**EXERCISE**
Only the lines from the one with "Anderen Berufsgruppen über" to the end of the data, both ends included, should be output, exactly as they stand and without pictures.

☆ ☆ ☆ ☆ ☆

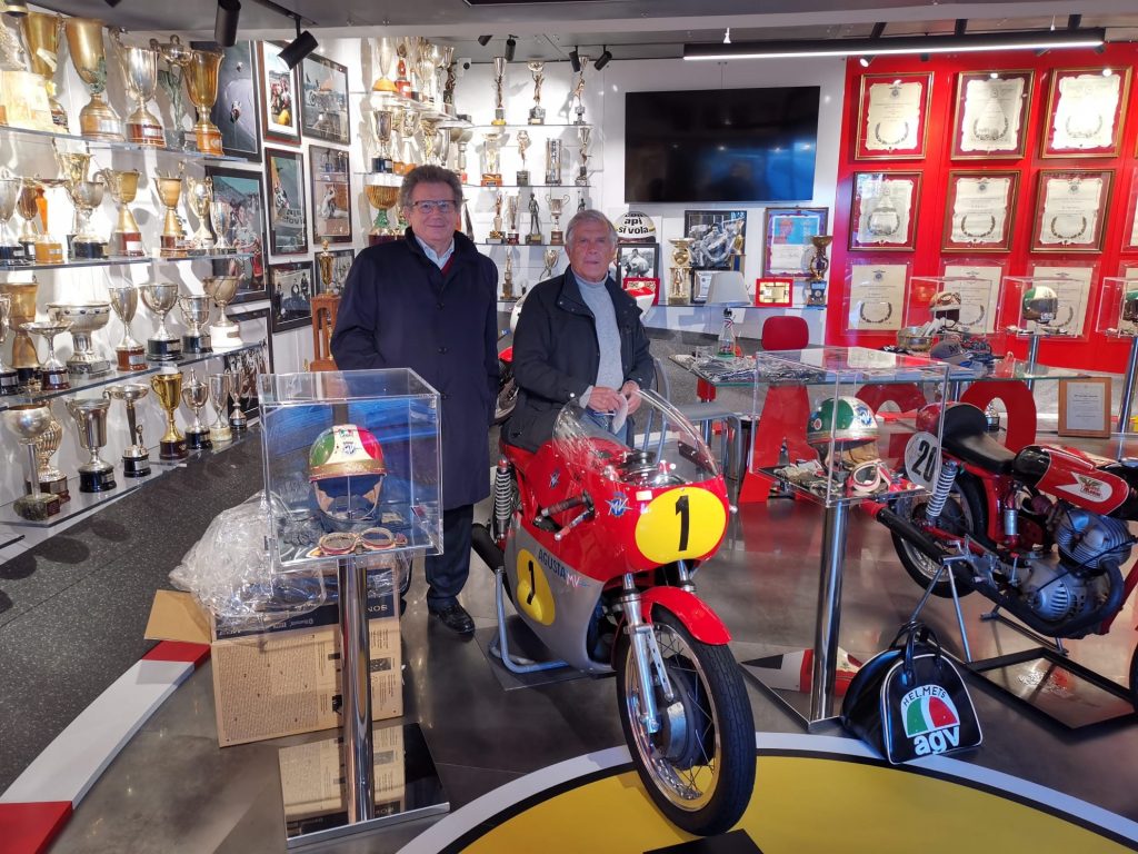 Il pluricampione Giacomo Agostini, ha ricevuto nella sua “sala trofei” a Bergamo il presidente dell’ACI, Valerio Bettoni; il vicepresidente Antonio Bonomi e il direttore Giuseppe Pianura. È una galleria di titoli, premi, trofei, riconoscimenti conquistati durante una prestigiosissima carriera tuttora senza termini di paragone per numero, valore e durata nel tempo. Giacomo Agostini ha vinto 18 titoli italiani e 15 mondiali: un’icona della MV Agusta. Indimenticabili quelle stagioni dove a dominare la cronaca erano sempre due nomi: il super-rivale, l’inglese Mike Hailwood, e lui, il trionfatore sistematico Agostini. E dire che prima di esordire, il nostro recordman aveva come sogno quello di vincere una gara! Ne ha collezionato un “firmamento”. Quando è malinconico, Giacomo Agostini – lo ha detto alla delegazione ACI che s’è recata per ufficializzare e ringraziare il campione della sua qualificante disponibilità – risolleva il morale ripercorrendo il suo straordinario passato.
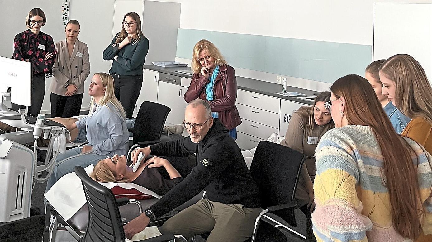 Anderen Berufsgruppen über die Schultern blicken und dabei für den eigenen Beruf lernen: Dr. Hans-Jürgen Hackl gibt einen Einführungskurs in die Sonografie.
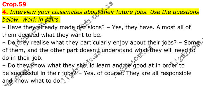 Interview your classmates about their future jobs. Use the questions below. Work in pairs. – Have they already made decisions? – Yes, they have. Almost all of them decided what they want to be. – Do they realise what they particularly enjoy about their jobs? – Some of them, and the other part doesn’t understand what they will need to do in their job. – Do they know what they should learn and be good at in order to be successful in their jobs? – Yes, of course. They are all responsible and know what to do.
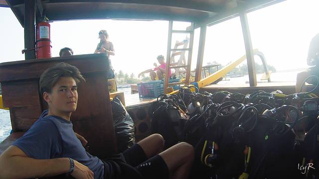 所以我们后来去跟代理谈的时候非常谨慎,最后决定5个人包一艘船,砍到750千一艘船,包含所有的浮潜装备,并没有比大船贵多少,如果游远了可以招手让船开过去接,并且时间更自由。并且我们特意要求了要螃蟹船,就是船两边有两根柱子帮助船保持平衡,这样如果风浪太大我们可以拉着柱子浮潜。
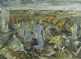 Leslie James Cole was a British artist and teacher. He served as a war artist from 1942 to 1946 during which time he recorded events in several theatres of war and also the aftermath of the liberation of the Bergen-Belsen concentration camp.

☆ ☆ ☆ ☆ ☆

**EXPECTED ANSWER**
 Anderen Berufsgruppen über die Schultern blicken und dabei für den eigenen Beruf lernen: Dr. Hans-Jürgen Hackl gibt einen Einführungskurs in die Sonografie.
 Interview your classmates about their future jobs. Use the questions below. Work in pairs. – Have they already made decisions? – Yes, they have. Almost all of them decided what they want to be. – Do they realise what they particularly enjoy about their jobs? – Some of them, and the other part doesn’t understand what they will need to do in their job. – Do they know what they should learn and be good at in order to be successful in their jobs? – Yes, of course. They are all responsible and know what to do.
 所以我们后来去跟代理谈的时候非常谨慎,最后决定5个人包一艘船,砍到750千一艘船,包含所有的浮潜装备,并没有比大船贵多少,如果游远了可以招手让船开过去接,并且时间更自由。并且我们特意要求了要螃蟹船,就是船两边有两根柱子帮助船保持平衡,这样如果风浪太大我们可以拉着柱子浮潜。
 Leslie James Cole was a British artist and teacher. He served as a war artist from 1942 to 1946 during which time he recorded events in several theatres of war and also the aftermath of the liberation of the Bergen-Belsen concentration camp.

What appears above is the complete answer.